When you transcribe the lines below, keep every word the same and leave the pictures behind.

• _Input data_
────────────────────

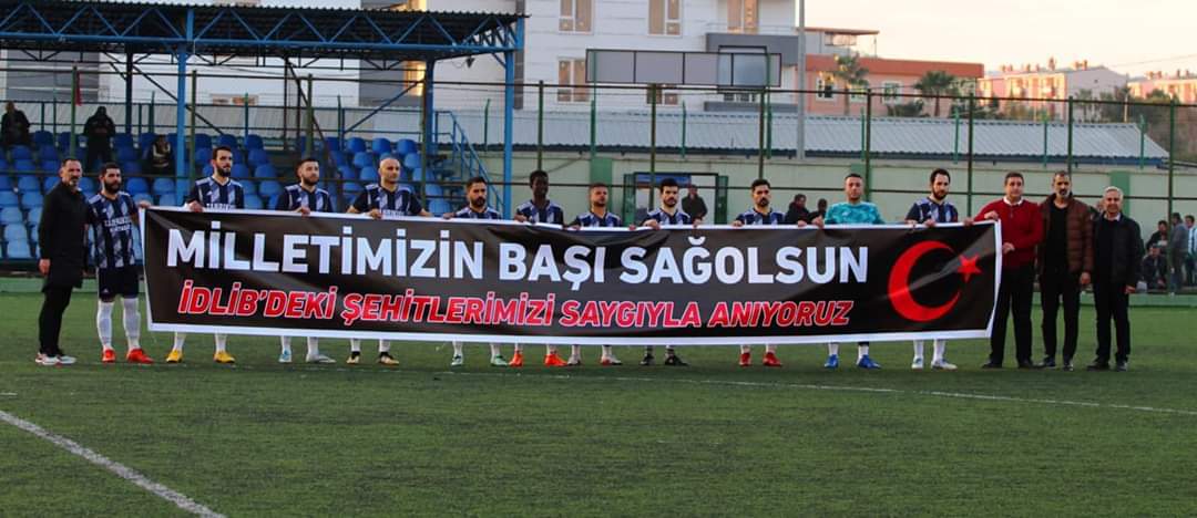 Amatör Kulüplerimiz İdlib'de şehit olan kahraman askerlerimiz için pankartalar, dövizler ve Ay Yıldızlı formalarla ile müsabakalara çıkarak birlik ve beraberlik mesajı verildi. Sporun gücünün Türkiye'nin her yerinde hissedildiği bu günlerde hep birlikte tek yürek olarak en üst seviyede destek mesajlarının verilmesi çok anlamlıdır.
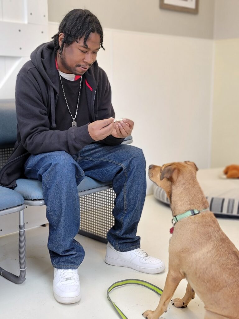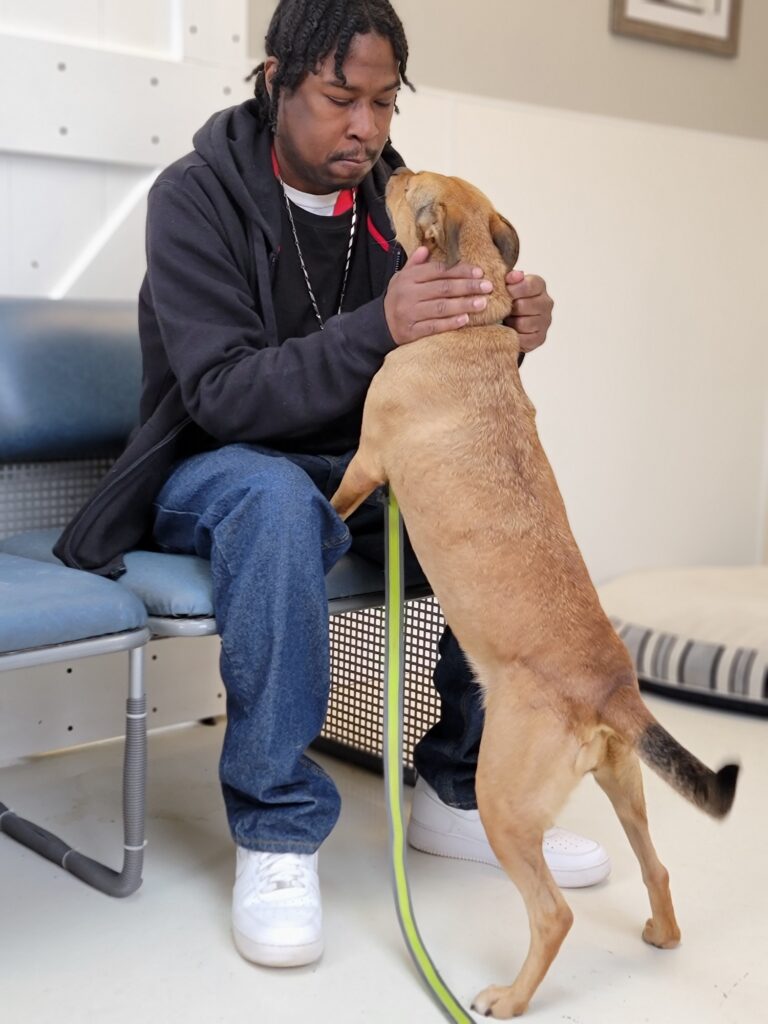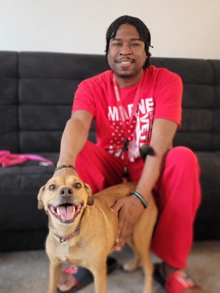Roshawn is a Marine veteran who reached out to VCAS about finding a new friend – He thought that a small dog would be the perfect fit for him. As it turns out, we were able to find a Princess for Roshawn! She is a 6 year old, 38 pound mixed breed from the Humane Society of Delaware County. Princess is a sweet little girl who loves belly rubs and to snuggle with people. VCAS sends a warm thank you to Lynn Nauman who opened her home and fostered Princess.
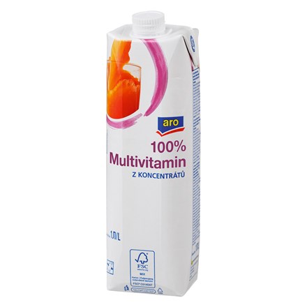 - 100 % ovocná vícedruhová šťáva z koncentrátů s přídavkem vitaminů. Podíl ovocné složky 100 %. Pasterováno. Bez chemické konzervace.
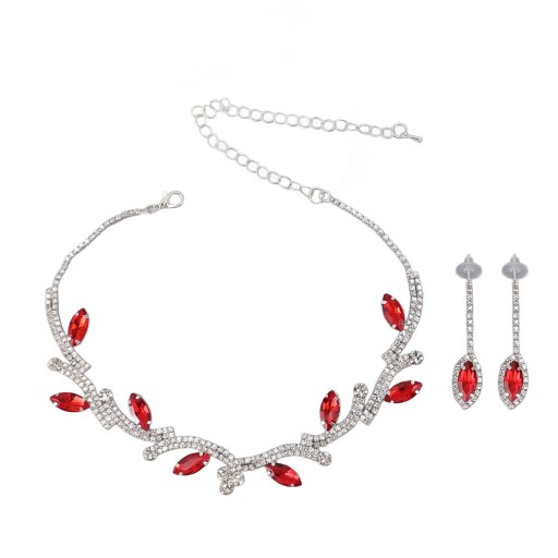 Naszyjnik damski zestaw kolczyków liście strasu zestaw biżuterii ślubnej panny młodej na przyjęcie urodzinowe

────────────────────

• _Written answer_
 Amatör Kulüplerimiz İdlib'de şehit olan kahraman askerlerimiz için pankartalar, dövizler ve Ay Yıldızlı formalarla ile müsabakalara çıkarak birlik ve beraberlik mesajı verildi. Sporun gücünün Türkiye'nin her yerinde hissedildiği bu günlerde hep birlikte tek yürek olarak en üst seviyede destek mesajlarının verilmesi çok anlamlıdır.
Roshawn is a Marine veteran who reached out to VCAS about finding a new friend – He thought that a small dog would be the perfect fit for him. As it turns out, we were able to find a Princess for Roshawn! She is a 6 year old, 38 pound mixed breed from the Humane Society of Delaware County. Princess is a sweet little girl who loves belly rubs and to snuggle with people. VCAS sends a warm thank you to Lynn Nauman who opened her home and fostered Princess.
 - 100 % ovocná vícedruhová šťáva z koncentrátů s přídavkem vitaminů. Podíl ovocné složky 100 %. Pasterováno. Bez chemické konzervace.
 Naszyjnik damski zestaw kolczyków liście strasu zestaw biżuterii ślubnej panny młodej na przyjęcie urodzinowe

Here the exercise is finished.